To make an in-sample forecast using a Prophet model, you can follow these steps:

  1. Import the necessary libraries, including pandas, matplotlib, and Prophet.
import pandas as pd
import matplotlib.pyplot as plt
from prophet import Prophet
  1. Load the time series data into a pandas DataFrame. The read_csv method can be used to load a CSV file into a DataFrame. Make sure to set the parse_dates parameter to True to ensure that the ds column is correctly parsed as a date.
df = pd.read_csv('data.csv', parse_dates=['ds'])
  1. Rename the columns to ds and y to match the Prophet’s input requirements.
df = df.rename(columns={'Date': 'ds', 'Value': 'y'})
  1. Plot the time series data to visualize the trends and patterns in the data.

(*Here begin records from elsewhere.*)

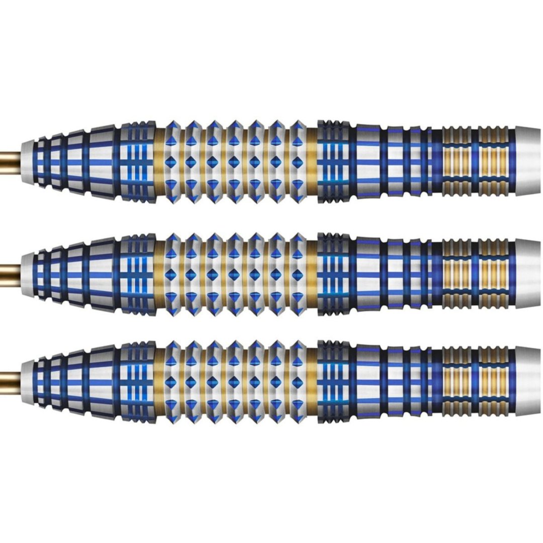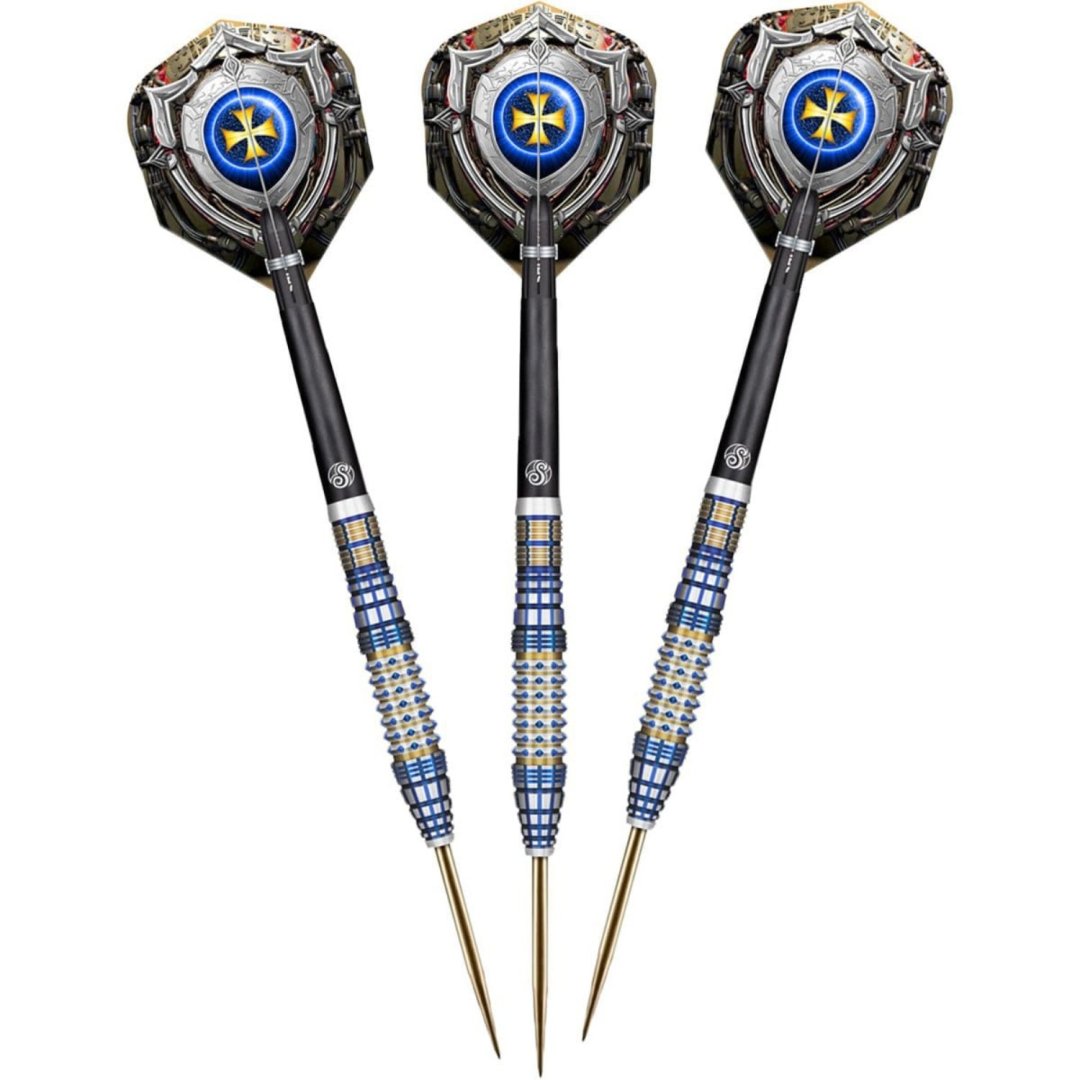 Steelové šipky Shot Future Knights Darkstar jsou wolframové šipky (90% tungsten) v úchvatném designu. Barrely mají jedinečné drážkování zvýrazněné zlatou a modrou barvou.
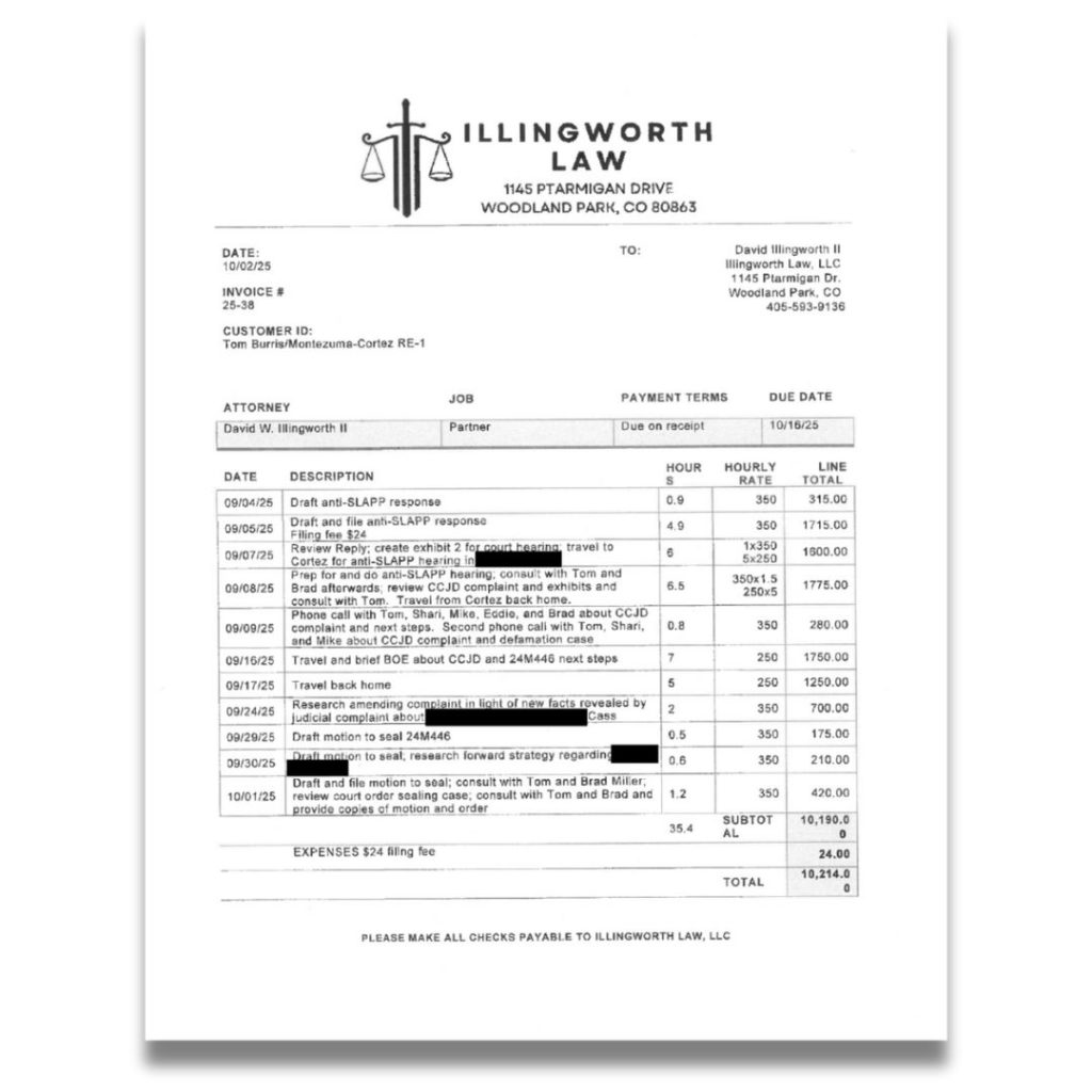In addition to Miller’s invoices, the district has been billed for legal services by Miller allies, like First & Fourteenth – a firm specializing in culture war issues which is currently charging the district for its involvement in a lawsuit against the Colorado High School Activities Association – and Illingworth Law, which is run by a former client of Miller from the Woodland Park school board and represented Burris in his personal legal matters.
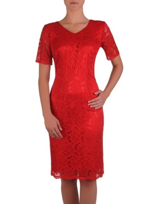 Modna sukienka z koronki 16914, czerwona kreacja na wesele.
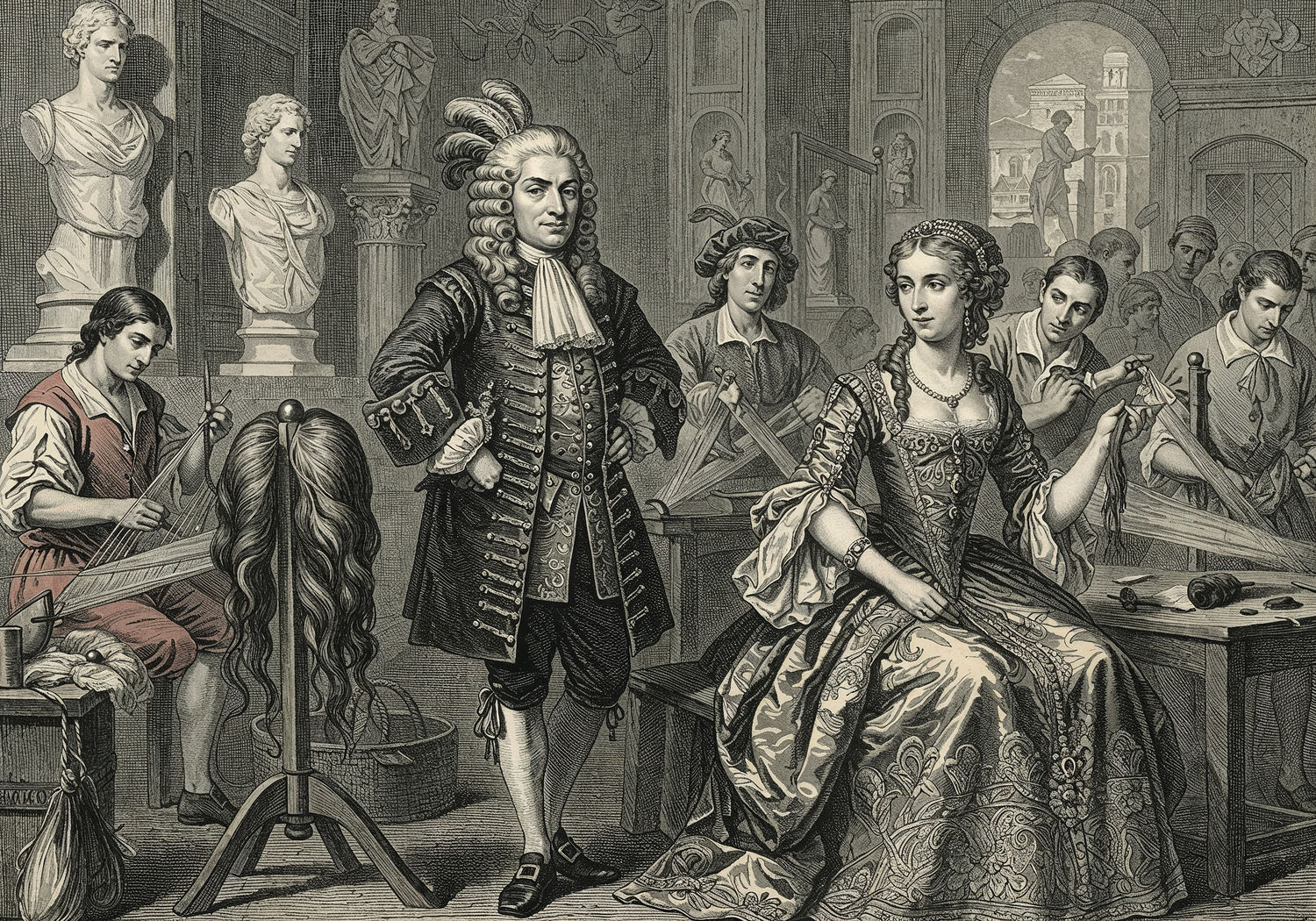 Traditional detailed engraving illustration with modern elements, etched lines, high contrast black and white, meticulous cross-hatching to create depth, printed on aged parchment paper of: Traditional detailed engraving illustration with modern elements, etched lines, high contrast black and white, meticulous cross-hatching to create depth, printed on aged parchment paper of: A Renaissance Italian court scene in Florence, featuring a nobleman and a noblewoman from the Medici family standing elegantly in ornate attire, the man wearing a luxurious curled wig adorned with gold threads and pearls, the woman with flowing locks in a peruke styled alla greca with jewels, surrounded by artisans weaving human hair wigs on silk nets, with subtle background elements of ancient sculptures and a bustling workshop, evoking prestige, craftsmanship, and social hierarchy. Illustration: copperplate etching texture, ink lines, dramatic shading, artistic style, deep focus, museum quality print with humorous twist. Illustration: copperplate etching texture, ink lines, dramatic shading, artistic style, deep focus, museum quality print with humorous twist.

plt.plot(df['ds'], df['y'])
plt.title('Time Series Data')
plt.xlabel('Date')
plt.ylabel('Value')
plt.show()
  1. Create a Prophet model by initializing a new instance of the Prophet class and fitting the model to the data.
model = Prophet()
model.fit(df)
  1. Generate a DataFrame with the future dates for which you want to make predictions using the make_future_dataframe() method. By default, this method generates a DataFrame that includes all dates from the original DataFrame up to n periods into the future, where n is the value passed to the periods parameter. If you don’t specify a value for periods, Prophet will generate a DataFrame with dates up to the end of the input data.
future = model.make_future_dataframe(periods=0)

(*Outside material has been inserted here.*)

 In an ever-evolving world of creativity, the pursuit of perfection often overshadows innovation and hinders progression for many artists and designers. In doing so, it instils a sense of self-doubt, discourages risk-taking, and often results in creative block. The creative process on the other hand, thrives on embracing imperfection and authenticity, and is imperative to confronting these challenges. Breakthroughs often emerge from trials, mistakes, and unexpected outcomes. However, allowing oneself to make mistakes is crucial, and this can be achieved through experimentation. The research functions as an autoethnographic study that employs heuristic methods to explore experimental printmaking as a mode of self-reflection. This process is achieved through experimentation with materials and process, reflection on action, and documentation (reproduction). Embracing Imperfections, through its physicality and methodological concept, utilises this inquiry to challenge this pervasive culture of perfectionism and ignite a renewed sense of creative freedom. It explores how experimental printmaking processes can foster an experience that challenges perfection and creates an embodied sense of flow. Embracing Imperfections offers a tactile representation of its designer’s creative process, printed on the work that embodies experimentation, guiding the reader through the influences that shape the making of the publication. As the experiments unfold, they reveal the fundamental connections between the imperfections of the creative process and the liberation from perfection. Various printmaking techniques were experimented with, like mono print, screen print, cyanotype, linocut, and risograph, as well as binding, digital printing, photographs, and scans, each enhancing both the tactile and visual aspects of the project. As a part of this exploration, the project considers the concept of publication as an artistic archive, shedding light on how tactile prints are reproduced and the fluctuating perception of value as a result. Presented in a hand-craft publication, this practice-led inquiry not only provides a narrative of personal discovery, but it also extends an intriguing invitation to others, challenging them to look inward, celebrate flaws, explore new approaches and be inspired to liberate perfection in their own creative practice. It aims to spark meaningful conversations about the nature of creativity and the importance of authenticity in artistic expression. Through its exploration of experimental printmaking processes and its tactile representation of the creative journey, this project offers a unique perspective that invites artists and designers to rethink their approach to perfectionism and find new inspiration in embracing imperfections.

  1. Generate predictions for the entire time series using the predict() method on the model and passing in the future DataFrame.
forecast = model.predict(future)
  1. Extract the predictions for the original time series by selecting the rows of the forecast DataFrame that correspond to the original data.
in_sample_predictions = forecast[['ds', 'yhat']].iloc[:-len(future)]
  1. Plot the in-sample predictions together with the actual data to visualize the accuracy of the model’s fit.
plt.plot(df['ds'], df['y'], label='Actual')
plt.plot(in_sample_predictions['ds'], in_sample_predictions['yhat'], label='Predicted')
plt.title('In-Sample Forecast')
plt.xlabel('Date')
plt.ylabel('Value')
plt.legend()
plt.show()

By following these steps, you can make an in-sample forecast using a Prophet model in Python and visualize the accuracy of the model’s fit to the actual data. You can further customize the model and the forecast by adjusting the model parameters, specifying holidays or events, and exploring the forecast components.